• _ABOUT THIS EXERCISE_
Return the lines of the listing below exactly as they appear, beginning at the one with "подвеска слон в" and stopping after the one with "64GB Micro SD"; do not include pictures.

• _RECORDS SUPPLIED_
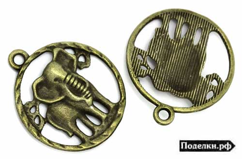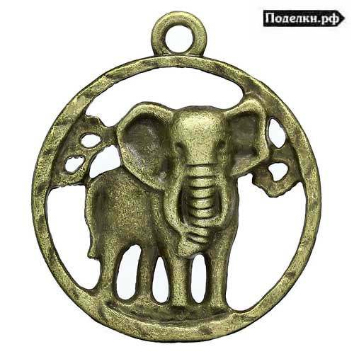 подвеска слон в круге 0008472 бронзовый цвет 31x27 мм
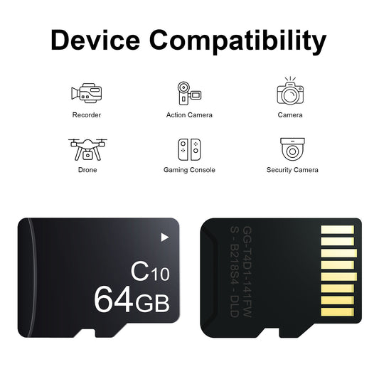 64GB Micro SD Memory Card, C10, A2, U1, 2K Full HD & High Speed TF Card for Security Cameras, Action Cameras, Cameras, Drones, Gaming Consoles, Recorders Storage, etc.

* * *

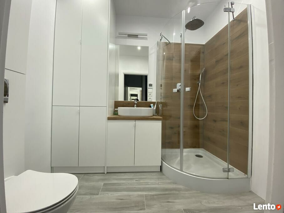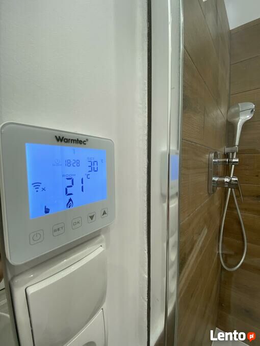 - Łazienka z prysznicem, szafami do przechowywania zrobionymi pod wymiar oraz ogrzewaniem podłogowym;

...

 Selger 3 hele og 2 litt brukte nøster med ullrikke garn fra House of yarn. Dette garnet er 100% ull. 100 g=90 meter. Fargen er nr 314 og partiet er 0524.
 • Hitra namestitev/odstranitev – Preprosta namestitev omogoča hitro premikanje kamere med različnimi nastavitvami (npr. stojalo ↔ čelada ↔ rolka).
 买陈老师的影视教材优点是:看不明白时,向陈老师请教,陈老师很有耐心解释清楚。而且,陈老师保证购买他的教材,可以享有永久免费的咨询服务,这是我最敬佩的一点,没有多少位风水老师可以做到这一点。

• _ANSWER BOX_
 подвеска слон в круге 0008472 бронзовый цвет 31x27 мм
 64GB Micro SD Memory Card, C10, A2, U1, 2K Full HD & High Speed TF Card for Security Cameras, Action Cameras, Cameras, Drones, Gaming Consoles, Recorders Storage, etc.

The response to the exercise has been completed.